Tuesday, December 23, 2014

A Day In The Life: Palliative Care

day in the life palliative care
I have one day left of my second (shortened!) week of palliative care. Because I'm taking next week off for my winter vacation, I won't get a full four weeks on this rotation, but I'm sure I'll still learn lots! Last week and this week have been spent doing palliative care new outpatient consults at the cancer institute. When I return from holidays, I'll have six days of inpatient palliative care at another hospital. Here's what a typical day of outpatient palliative care looks like for me:

0830 h: I arrive at the palliative care office in the cancer institute, "borrow" whichever desk isn't in use, and get organized by looking at the schedule for the day and starting to look through those patients' charts. 

0900 h: The palliative team (nurses, pharmacist, staff physician, and me) meet to run through the lists of new consults (usually two for the day), ward patients, outpatient follow-ups (mostly by telephone; some in-person), and new referrals to be triaged, and come up with a work plan for the day.
cross cancer institute palliative
palliative team meeting room
0910 h: I spend the next 50 minutes looking through the charts of the two new patients, making notes on their histories, treatments, investigations, etc.

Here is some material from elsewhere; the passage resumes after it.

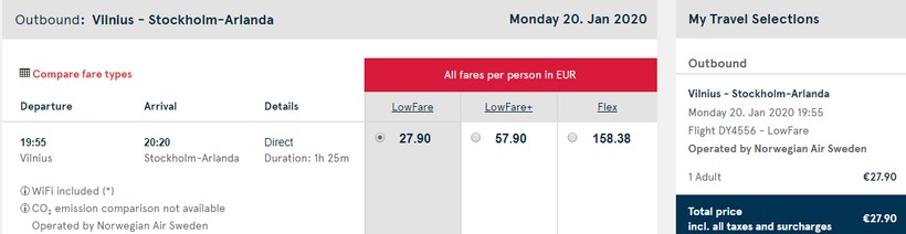 Расписание данной норвежской компании не могу назвать удобным. Лайнеры до Стокгольма отправляются ежедневно, за исключением нескольких дней в неделю (допустим, в феврале 2020 года отсутствуют рейсы по вторникам и субботам). Вылетать предстоит вечером. Пассажирам предлагают разные тарифные планы:
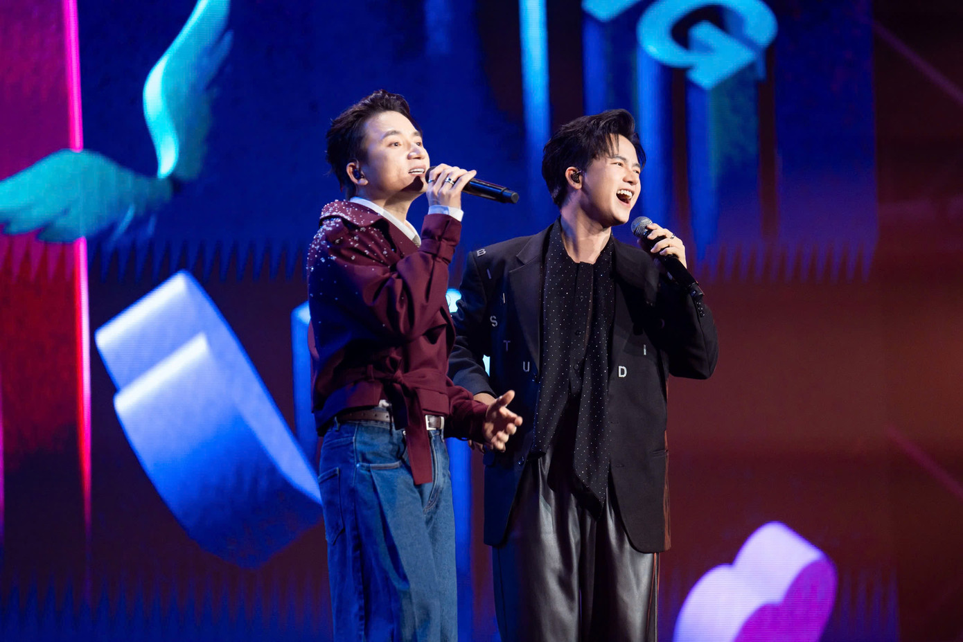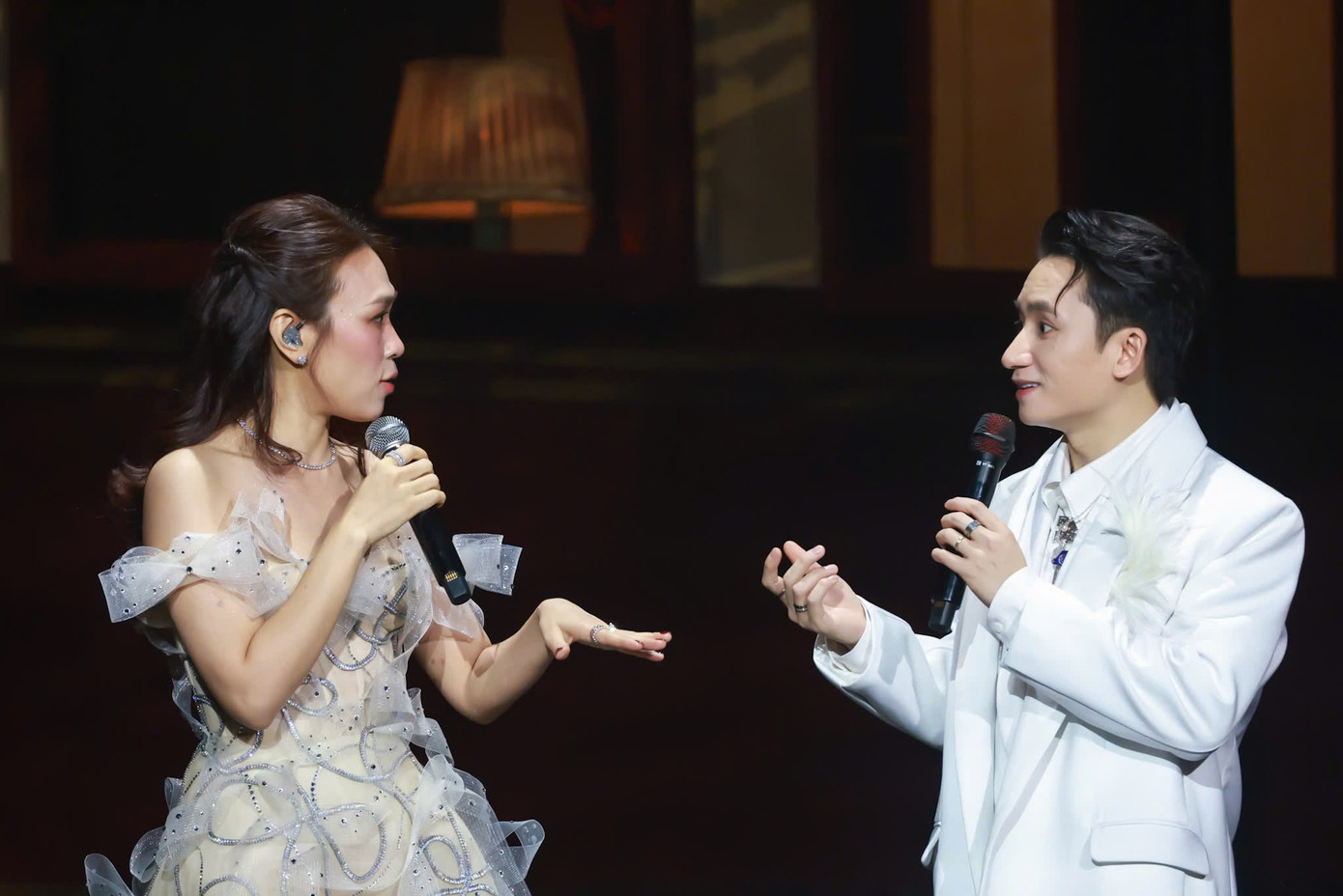 | Mỹ Tâm và Phan Mạnh Quỳnh có những màn tương tác thân thiết trong đêm nhạc. |

In addition, I go through the detailed palliative triage assessments, noting the current issues that I'll need to focus on.

1000 h: I walk upstairs to see the patient, taking a history, completing the palliative assessment forms, and performing a physical exam.
cross cancer institute ward
the exam room with its shape-conforming mattress (which we're not supposed to tuck sheets under!)
palliative assessment forms
lots of palliative assessment forms, which I fill out with the patient
1100 h: I walk back downstairs to the palliative care office to present the patient to the staff physician. We spend the next twenty to thirty minutes discussing the issues and coming up with a management plan -- which the wonderful staff take as an opportunity to do a bit of teaching and are patient with answering my questions/entertaining my suggestions.

1130 h: The staff physician and I go back upstairs to discuss our plan with the patient. At this time we also discuss goals of care. We return downstairs to write prescriptions, which are faxed to the patient's pharmacy.
cross cancer institute
at least I'm getting some exercise walking up and down these stairs all day!
1200 h: I have a quick lunch (I've returned to packing the laziest lunch ever: a peanut butter sandwich) at my desk while getting my notes/forms together to dictate.

1205 h: I start dictating the new patient consult.

1300 h: I finish dictating (second only to geriatrics consults, palliative consults are the longest ever). I'm already running late for the second new patient so hurry upstairs to see them. As with the 10 am patient, I do a history, palliative assessment forms, and physical exam.
esas-r
more forms...this one is the ESAS-r (Edmonton Symptom Assessment System - revised), created locally and used widely!
1400 h: Back to the palliative care office to review the second patient with the staff and come up with a management plan.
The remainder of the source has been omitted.